The same pattern emerges with other Intel investments. The company bought 30,000 shares in e-commerce pioneer OpenMarket last year. The investment, which was worth $5 million based on OpenMarket’s share price on June 4th, gave Intel a 1%-2% minority ownership. But the ramifications for Intel’s processor sales were far greater. Intel would only buy stock if OpenMarket agreed to develop its Transact e-commerce backbone for Intel’s next generation IA 64 processors on NT – prior to the agreement Transact had been available only on HP-UX and Sun Solaris. The deal was clearly a platform play for Intel. Once the development work is complete Intel will use its powerful marketing machine to build a new market for the IA 64 on the new Transact platform. (The port is currently in development and should be ready within the year.) Intel, no doubt, will hope to repeat the success it had with Avid and make a healthy profit on its OpenMarket stock, taking advantage of the over inflated value of e-commerce stocks. It could be argued that this is the reason it invested in CyberCash, too.
It is fairly clear what Intel gets out of its equity investment program. Wall Street validation could be one benefit, as could brand awareness which comes with being associated with a company the size and prominence of Intel – a co-marketing agreement often comes with an Intel golden handshake.
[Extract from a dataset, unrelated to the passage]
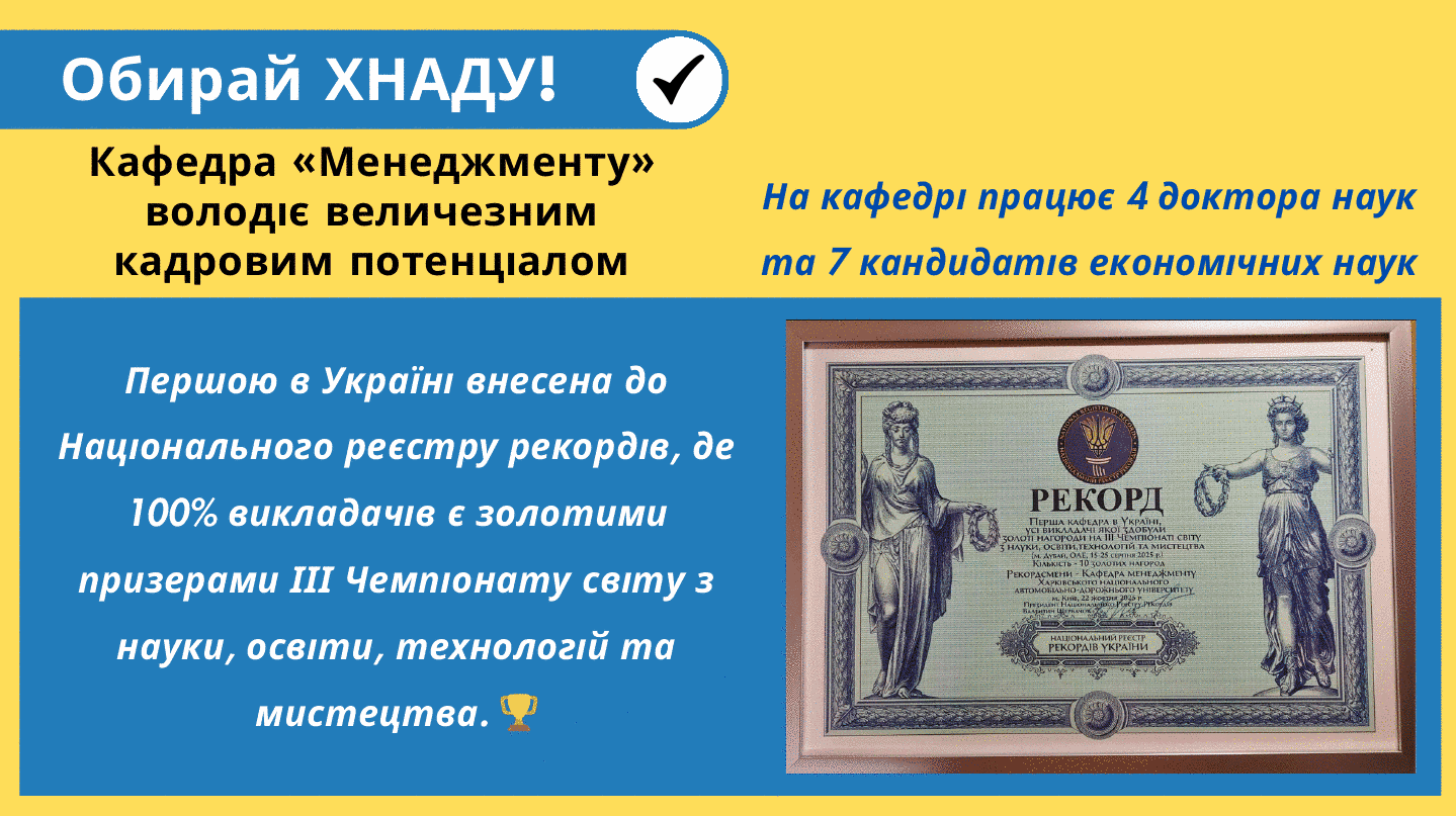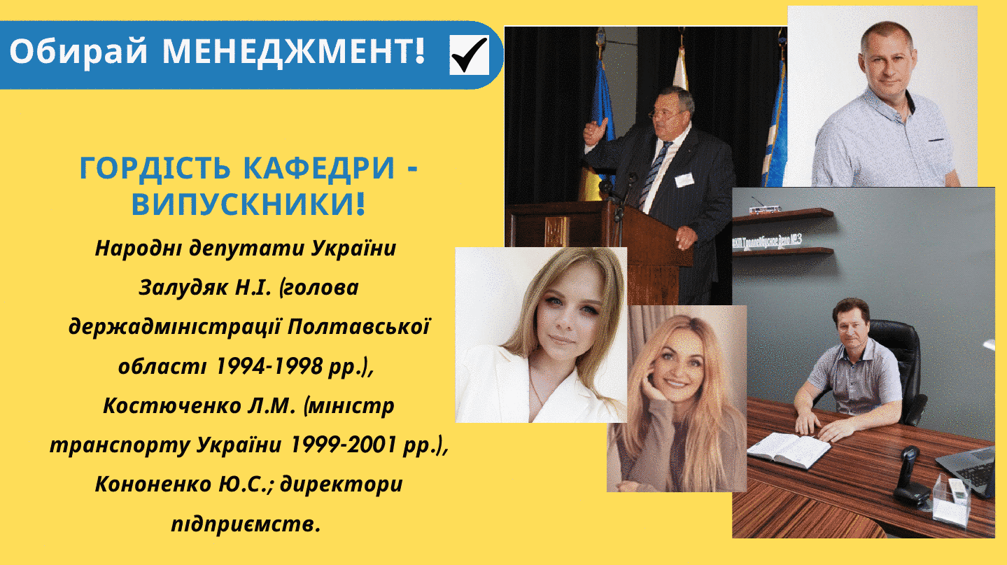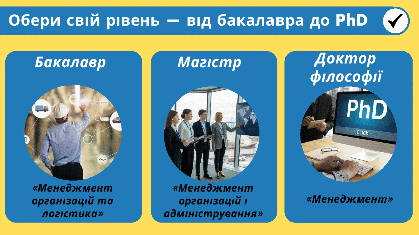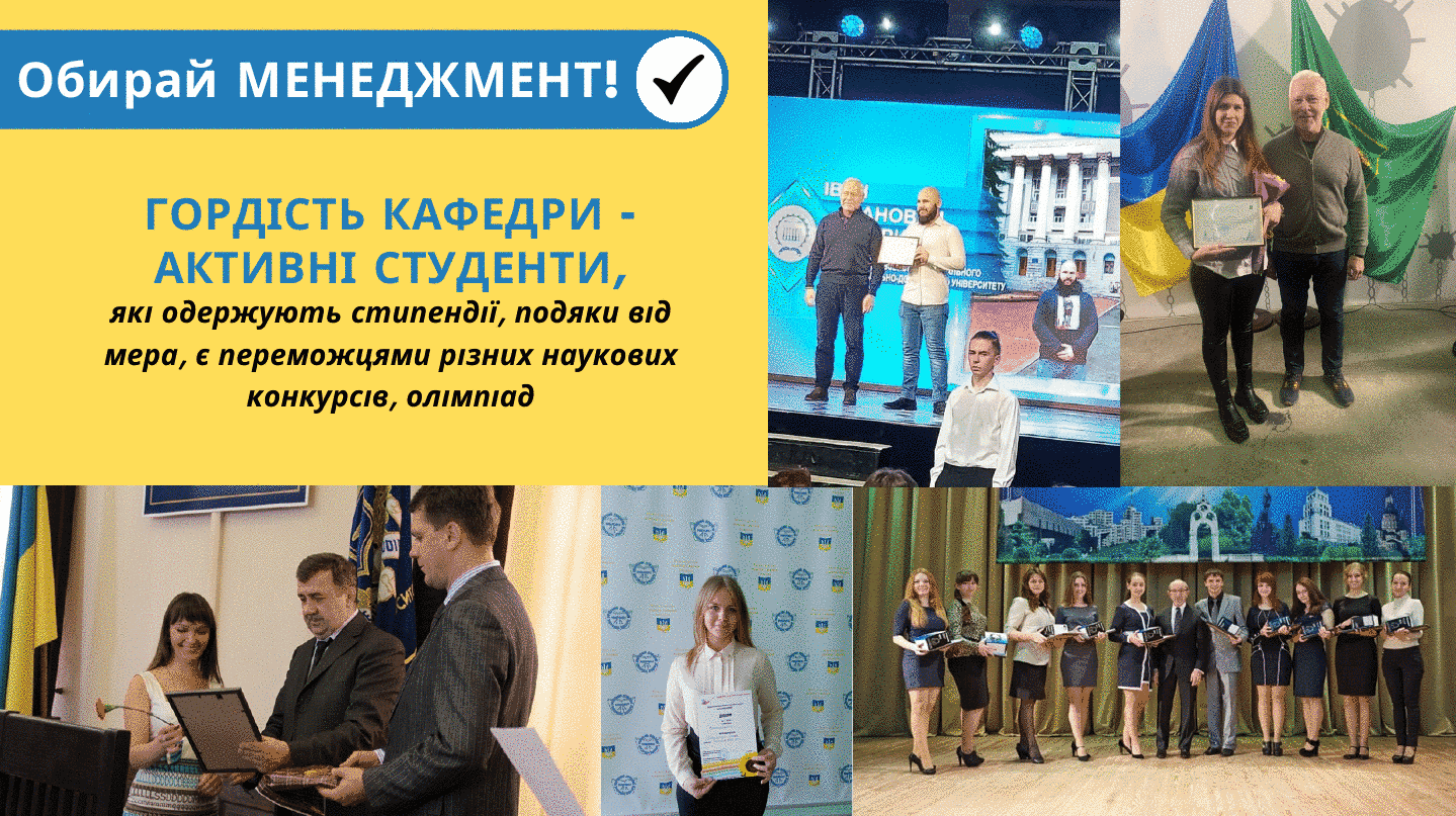 КАФЕДРА МЕНЕДЖМЕНТУ запрошує Вас на навчання за спеціальністю D3 «МЕНЕДЖМЕНТ» за освітньо-кваліфікаційними рівнями: БАКАЛАВР, МАГІСТР, ДОКТОР ФІЛОСОФІЇ та D5 "МАРКЕТИНГ" за освітньо-кваліфікаційним рівнем БАКАЛАВР

But at what cost? Intel often asks for intellectual property rights from the company in which it invests. We didn’t grant them IP rights, says Avid’s Long, we didn’t need the money that badly, but there is some suggestion that other more cash hungry start-ups have accepted Intel’s requests. Furthermore, there are no guarantees that a corporate investor will not divulge product plans to competitors. Corporate investors, unlike pure venture capitalists, will often work on development projects at a very detailed level and there are few obstacles in place to prevent them from leaking details to competitors in a bid to accelerate product development cycles.
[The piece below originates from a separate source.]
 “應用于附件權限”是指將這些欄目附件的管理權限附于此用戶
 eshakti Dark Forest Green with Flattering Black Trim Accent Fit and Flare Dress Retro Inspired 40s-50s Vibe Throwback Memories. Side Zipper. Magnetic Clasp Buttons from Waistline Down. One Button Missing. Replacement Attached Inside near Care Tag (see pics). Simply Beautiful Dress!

Aside from investing in Avid, Intel, for example, has also bought equity in two of Avid’s competitors, Canadian video editing company, MGI and US CAD/CAM company, Autodesk (which is currently being absorbed by Discreet Logic). Unlike VCs, which usually make a pure profit play in a company, corporate investors may also invest in small agile start-ups to gain exclusive rights to technology or garner market intelligence which it can then use to its own advantage. Start-ups are clearly caught between a rock and a hard place when it comes to raising funds. But they should perhaps think twice before choosing VC money over corporate equity funding. The outcome could potentially be far reaching.